# Differance between mitre and t-track



## ScottGoddard (4 Sep 2017)

Hi - I am looking to add a t-track to my cross cut sledge. However, when looking i can buy a mitre slot and t-track slot (UKJ stuff). I can't see the difference between these as the dimensions are the same.


----------



## galleywood (4 Sep 2017)

I think you will find that although the external dimensions are the same, the internal ones and the form are not.
The mitre track is for dropping in the tongue of the mitre gauge whilst the T track is for retaining and allowing a bolt head to slide along it.


----------



## ed-fish (2 Dec 2017)

Thanks for the clarification. Most helpful


----------



## sunnybob (2 Dec 2017)

I have both T track and mitre track on my router table.
I've just checked axminsters site and there appears to be a screw up on their pages. 
The mitre track I have uses angled sides. The T track uses a straight sided slot.
The web site pages have that reversed.
I'll e mail my axminster contact tomorrow (oh, just realised thats sunday, might not get a reply till monday).

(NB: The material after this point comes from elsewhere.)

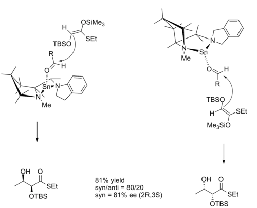 In the aldol reaction, the diastereoselectivity of the product is often dictated by the geometry of the enolate. The Zimmerman–Traxler model predicts that the Z enolate will give syn products, and that E enolates will give anti products. Reactions catalyzed by tin-based CLAs allow products to deviate from this pattern.[9]

Meanwhile, I would advise against buying untill the query is answered.


----------



## sunnybob (3 Dec 2017)

I've sent a query regarding the web pages, but in the meantime, I have found these links that correspond to the tracking that I have.
This is the straight sided T track;
http://www.axminster.co.uk/ujk-technolo ... k-ax889077

This is the dovetailed mitre track that I have;
http://www.axminster.co.uk/ujk-technolo ... ack-502713

There is also a T track with tapered sides;
http://www.axminster.co.uk/ujk-technolo ... ack-502712
which might be causing some confusion.


----------